On the one hand, I love a beautifully designed email template with glossy photos, maybe a clever GIF, clean layout, and well-written copy.
On the other hand, there’s Sticker Mule.
Sometimes as marketers, we fight against the expectations of certain media. For example, all you may need to say is:
“Buy your season pass now and get two free midweek lift tickets to Mount Blanchard valid anytime in December.”
Which works great as a tweet, but what about a blog post? Or an email? Emails and blog posts are supposed to be more than one sentence, right? So what do you add as filler? What should you use as a hero image? Call to action? Title?
It’s easy for simple messages to get complex because of self-imposed “rules” we marketers apply to them.
Well, not all marketers.
I notice virtually every one of these messages. And every sticker purchase I’ve made in recent years has been through an email like this one. Even a 30-second analysis makes it easy to see why they stand out:
In other words, all they wanted to say was they had a deal on stickers.
The Only Real Difference
This email could have very easily filled a long template full of lots of other products, a big glossy photo at the top, paragraphs of text about the quality of the sticker.

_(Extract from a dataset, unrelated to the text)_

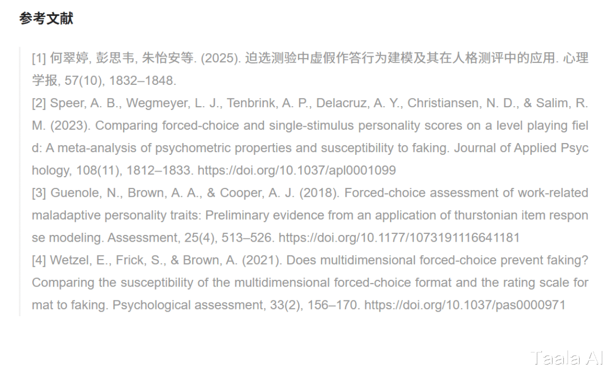 不过,迫选测验也不能完美防伪。虽然平均来看,迫选测验确实比传统的Likert量表更能抵抗作假,但它并非完全不受影响[2]。

And it also would have taken many hours or days or multiple people to send instead of 10-15 minutes by a single person.
Which begs the question:
Why do we spend so much time on certain messages?
Well, there are a few reasons, but the one I want to drive home today is simply this: somethings, we think that we have to.
This blog post could have been two paragraphs of text and a screenshot. And it probably would have worked pretty well. After all, some of Al’s most engaging posts are nothing more than a photo and a couple sentences.
It’s ironic, no? We are desperate for our messages to stand out. Yet we also spend incredible amounts of time and money and effort to make sure they match the countless expectations and rules that all the other messages on that channel do.
Look, I’m not saying you should do only two-sentence blog posts or plain text emails. What I am suggesting is that you ask yourself why you aren’t.
And then be honest with yourself if you don’t have a good answer. It may not be a new strategy, but it’s definitely something to test.